HAT De AkzoNobel Art Foundation is in 1996 opgericht op verzoek van éminence grise Kees van Lede (1942-2020) [oud-voorzitter van de werkgeversorganisatie VNO, MK] die toentertijd bestuursvoorzitter was van AkzoNobel. Hij wist als geen ander hoe belangrijk het is dat een bedrijf en zijn omgeving - een gemeenschap, een stad, het land - elkaar begrijpen, respecteren en ondersteunen. Vanuit die visie zag hij het belang van kunst als blikverruimer en verbinder. Zoals een bedrijf verankerd moet zijn in zijn omgeving, zo zou een kunstcollectie verankerd moeten zijn in het bedrijf. Voordat ik benoemd werd tot directeur van de stichting was ik als lid van het managementteam bij Boymans van Beuningen verantwoordelijk voor communicatie en marketing, educatie, sponsoring en fondsenwerving. Professor Wim Crouwel was toen directeur van het Boymans en van hem heb ik ontzettend veel geleerd. Chris Dercon [Belgisch kunsthistoricus en museumdirecteur, MK], die toentertijd directeur was van Witte de With [centrum voor hedendaagse kunst in Rotterdam dat inmiddels bekend staat onder de naam Kunstinstituut Melly, MK] werd later gevraagd voor het bestuur van de AkzoNobel Art Foundation. Hij stond bekend om zijn radicale en vernieuwende ideeën en daar kon ik wel wat mee toen ik bij Akzo de verantwoordelijkheid kreeg voor het opstellen van een beleidsplan voor de collectie en de aankoop van kunst.

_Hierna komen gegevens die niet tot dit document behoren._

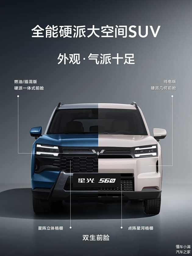 先来简单回顾一下外观设计,我觉得了解五菱的朋友对这款 星光560并不陌生,因为它在2020年成都车展首次亮相,当时它的名字叫做宏光侠,可没想到这一等就是五年。现在我们终于是迎来了量产版,二者在设计上保持了高度一致,均为硬朗风格,但也没有方盒子那么方正。另外值得一提的是,星光560因为有三种动力,因此它将提供两种风格前脸,插混和燃油为开放式蜂窝格栅,纯电版就是封闭式格栅。

MK Hoe zag dat er in de praktijk uit?
HAT Om te beginnen moet je weten dat het hoofdkantoor van AkzoNobel oorspronkelijk in Arnhem stond. Het was een nogal kil nieuwbouw kantoor met veel licht, wit en marmer. Van Lede vond dat daar kleur en kunst bij moest. Het gebouw vroeg daar bijna om. Ik wilde dat wel doen maar op voorwaarde dat we eerst een uitgebreid onderzoek mochten doen binnen AkzoNobel als bedrijf, binnen de fabrieken en binnen het culturele veld. Zo kon ik in kaart brengen waar we als bedrijf voor staan om dat vervolgens te implementeren in de aanleg van een kunstcollectie. Ik vond het belangrijk dat er een dynamische collectie zou komen die het idee van de ‘communicerende vaten’ - een begrip uit het vakjargon van onze laboratoria - zou weerspiegelen. Ik wilde bepaald geen kunstcollectie die alleen maar representatief en illustratief zou zijn maar juist één met diepgang en dynamiek. Van Lede was het daarmee eens en zo gingen we op een dag met de hele raad van bestuur - inclusief Van Lede zelf - en de afdeling communicatie in de bus vanuit Arnhem naar Amsterdam om verschillende bedrijfscollecties en het Stedelijk Museum te bezoeken. Dat bleek achteraf een uiterst inspirerend en nuttig reisje. Zo stelde Rob de Leeuw [oud directeur van Turmac en voormalig vice-president van de Peter Stuyvesant Foundation, MK] dat we geen kunstcommissie moesten samenstellen maar dat de curator de vrije hand moest krijgen. En dat kwaliteit en communicatie voorop moesten staan. Toen we bij het Stedelijk Museum aankwamen werden we ontvangen in het kantoor van directeur Rudi Fuchs die samen met vier conservatoren het belang van compromisloze kwaliteit van kunst benadrukte. Want volgens hem zou alleen op díe voorwaarde de collectie onderscheidend en van blijvende waarde zijn.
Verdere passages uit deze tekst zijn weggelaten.